[Problem description] Every line below is to be copied exactly, with the pictures left out.

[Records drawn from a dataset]
##########

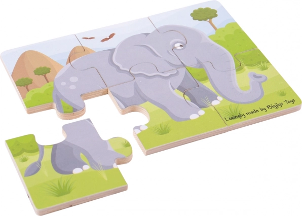 Zestaw zawiera 3 układanki z motywami lwa, zebry i słonia – idealne do stopniowej nauki i urozmaiconej zabawy.
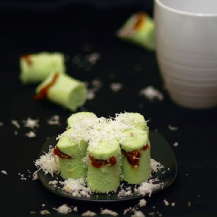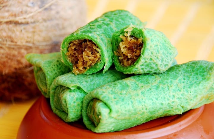 Dadar gulung is a traditional dessert that is consists of a thin rice crepe filled with grated coconut. The pancake batter is infused with pandan leaves for flavored and a vibrant green color. When baked, the crepes are filled with a combination of freshly grated coconut, cinnamon, and dark palm sugar.
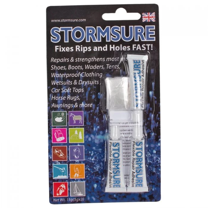 Der Reparaturkleber im 3er-Set von Stormsure ist der ultimative Klebstoff, um Neoprenanzüge, Watstiefel und diverse weitere Ausrüstungsgegenstände schnell und unkompliziert zu reparieren.
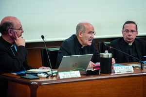 Il card. Tolentino de Mendonça con Miguel De Salis, a sinistra, e Mariano Fazio a destra (© Gianni Proietti – Pontificia Università della Santa Croce)
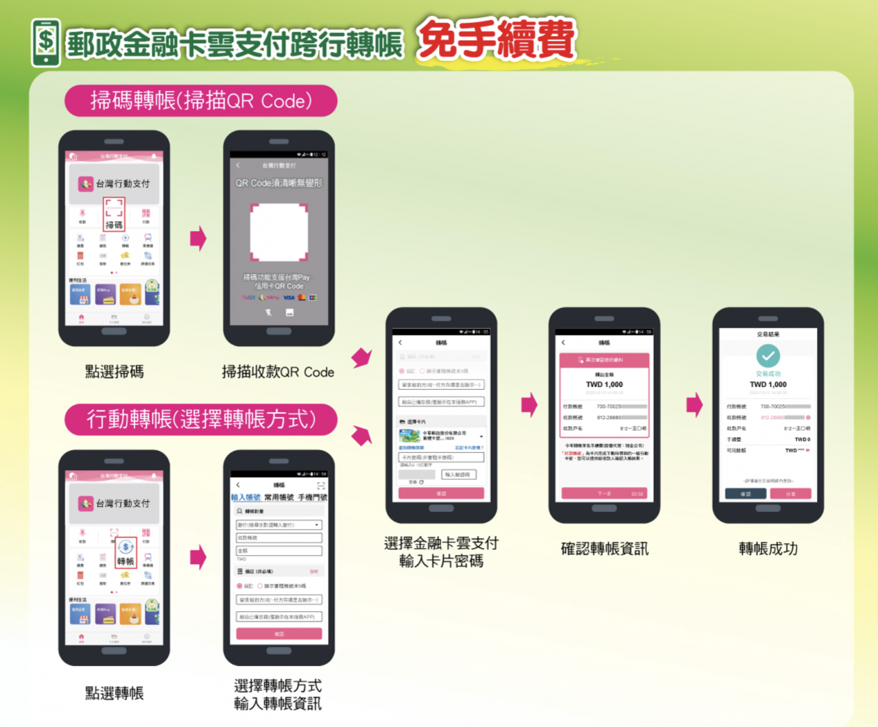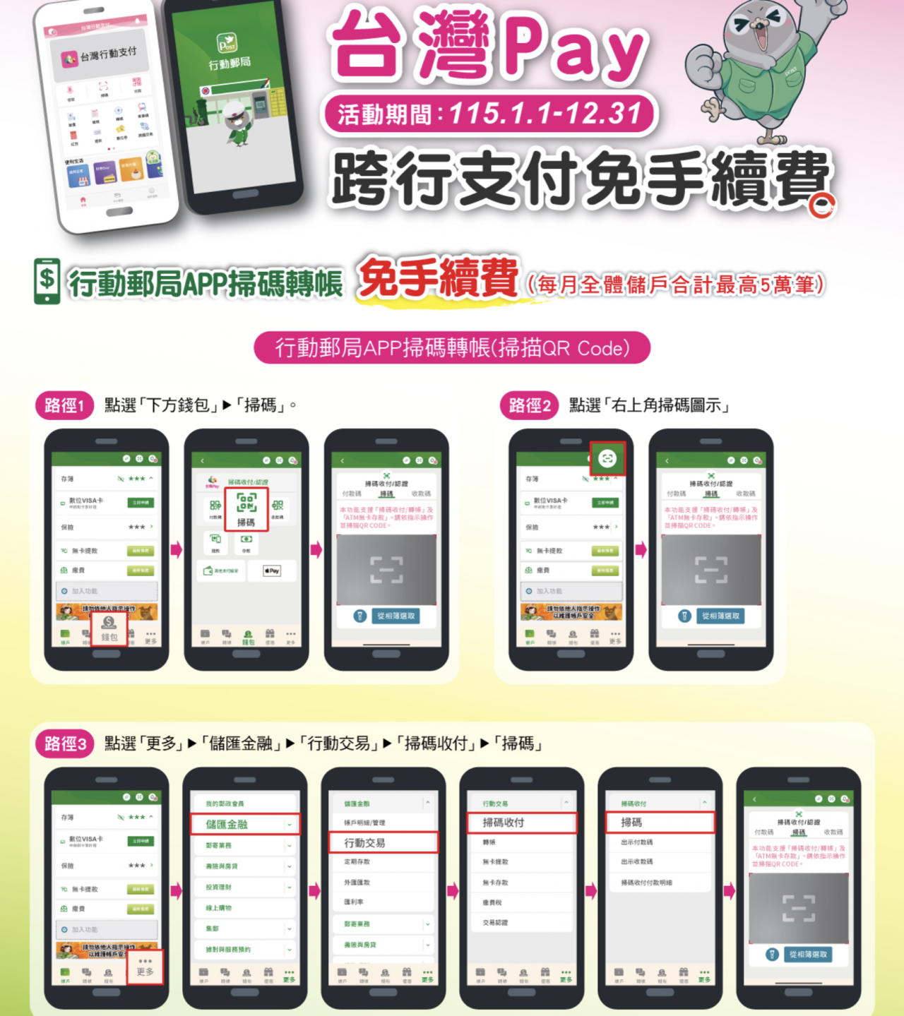 例如,為了鼓勵大家使用數位支付,中華郵政宣布舉辦「台灣Pay跨行支付免手續費」的活動。一直到民國 115 年 12 月 31 日為止,只要使用「行動郵局」App 進行 QR Code 跨行轉帳或是轉帳購物,每個月在 5 萬筆的限額內,通通免手續費;如果是使用「台灣行動支付 App」綁定郵政金融卡雲支付進行轉帳,更是完全沒有筆數限制,直接享有免手續費優惠。
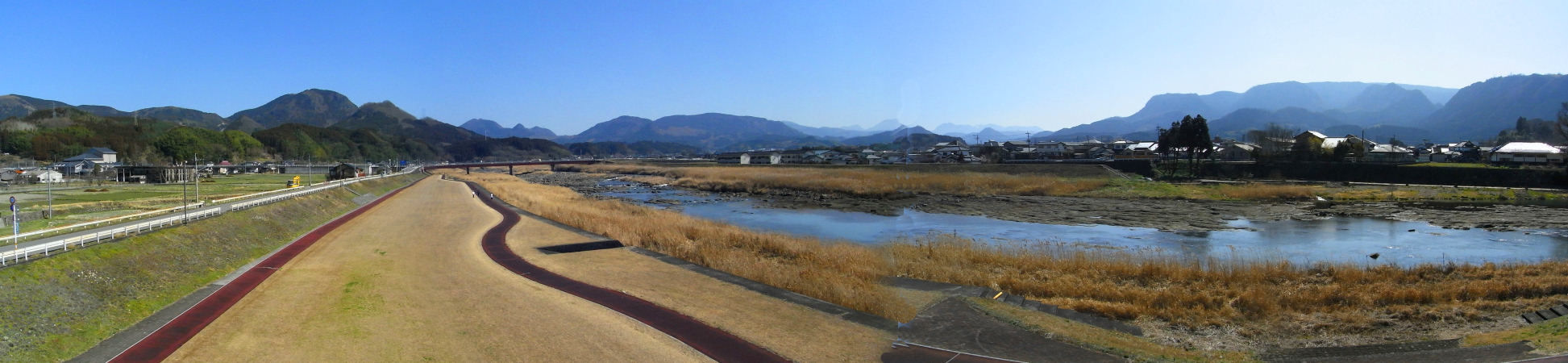 2010年2月28日 玖珠川河川敷から凧をあげて空撮した画像4枚をパノラマ合成しました。
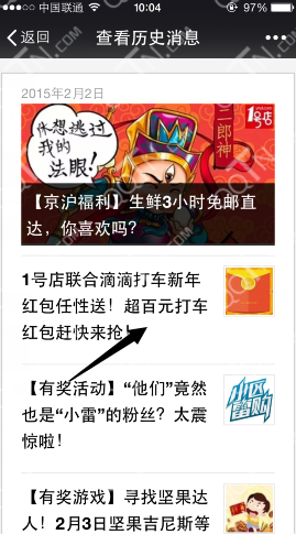 1、微信关注1号店,在查看消息内就可以看到活动入口,点击进入;
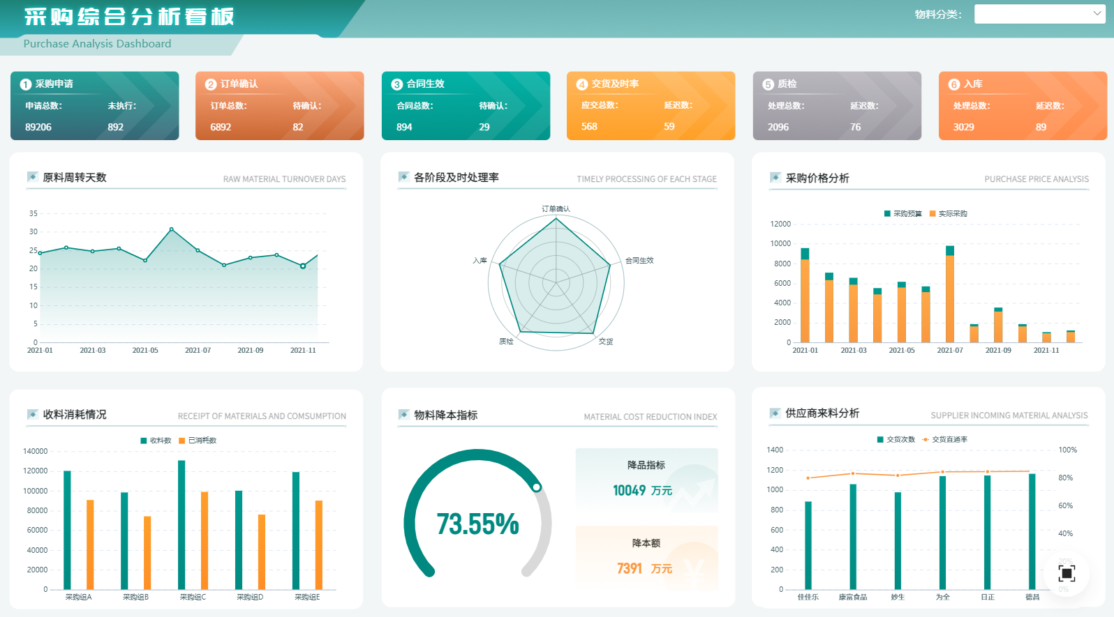 核心思路:采购图表是“风险监控型”,要帮他们看到哪里涨了、哪里不稳、哪里该补货了。
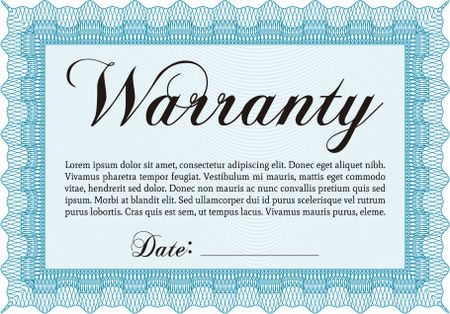 Sample Warranty certificate template. Elegant design. Vector illustration. With guilloche pattern.
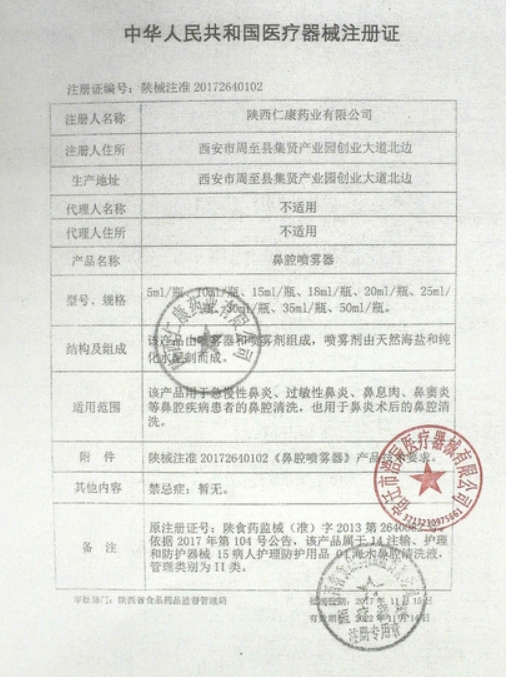 陜食藥監(jiān)械(準)字2013第2640082號/陜西仁康藥業(yè)有限公司 有效期至:2017-11-05鼻腔噴霧器
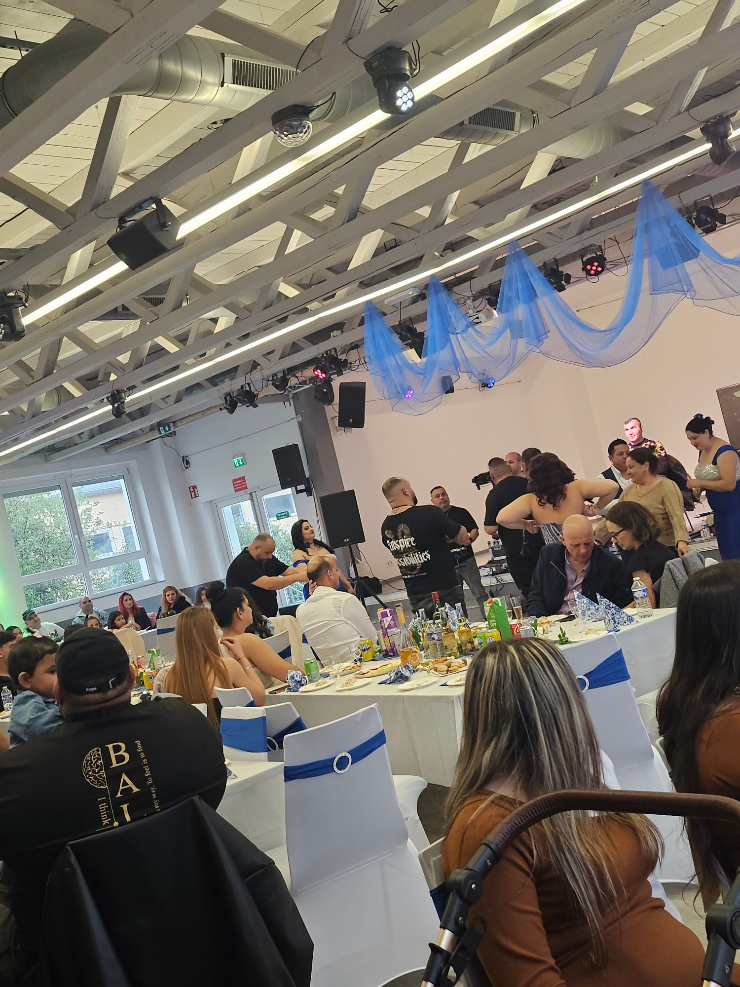 The image captures a banquet-style indoor event in Trier, Germany. The location features a high ceiling with white, lattice-style structural beams adorned with blue tulle decorations and mounted light…read more

##########

[Problem solution]
 Zestaw zawiera 3 układanki z motywami lwa, zebry i słonia – idealne do stopniowej nauki i urozmaiconej zabawy.
 Dadar gulung is a traditional dessert that is consists of a thin rice crepe filled with grated coconut. The pancake batter is infused with pandan leaves for flavored and a vibrant green color. When baked, the crepes are filled with a combination of freshly grated coconut, cinnamon, and dark palm sugar.
 Der Reparaturkleber im 3er-Set von Stormsure ist der ultimative Klebstoff, um Neoprenanzüge, Watstiefel und diverse weitere Ausrüstungsgegenstände schnell und unkompliziert zu reparieren.
 Il card. Tolentino de Mendonça con Miguel De Salis, a sinistra, e Mariano Fazio a destra (© Gianni Proietti – Pontificia Università della Santa Croce)
 例如,為了鼓勵大家使用數位支付,中華郵政宣布舉辦「台灣Pay跨行支付免手續費」的活動。一直到民國 115 年 12 月 31 日為止,只要使用「行動郵局」App 進行 QR Code 跨行轉帳或是轉帳購物,每個月在 5 萬筆的限額內,通通免手續費;如果是使用「台灣行動支付 App」綁定郵政金融卡雲支付進行轉帳,更是完全沒有筆數限制,直接享有免手續費優惠。
 2010年2月28日 玖珠川河川敷から凧をあげて空撮した画像4枚をパノラマ合成しました。
 1、微信关注1号店,在查看消息内就可以看到活动入口,点击进入;
 核心思路:采购图表是“风险监控型”,要帮他们看到哪里涨了、哪里不稳、哪里该补货了。
 Sample Warranty certificate template. Elegant design. Vector illustration. With guilloche pattern.
 陜食藥監(jiān)械(準)字2013第2640082號/陜西仁康藥業(yè)有限公司 有效期至:2017-11-05鼻腔噴霧器
 The image captures a banquet-style indoor event in Trier, Germany. The location features a high ceiling with white, lattice-style structural beams adorned with blue tulle decorations and mounted light…read more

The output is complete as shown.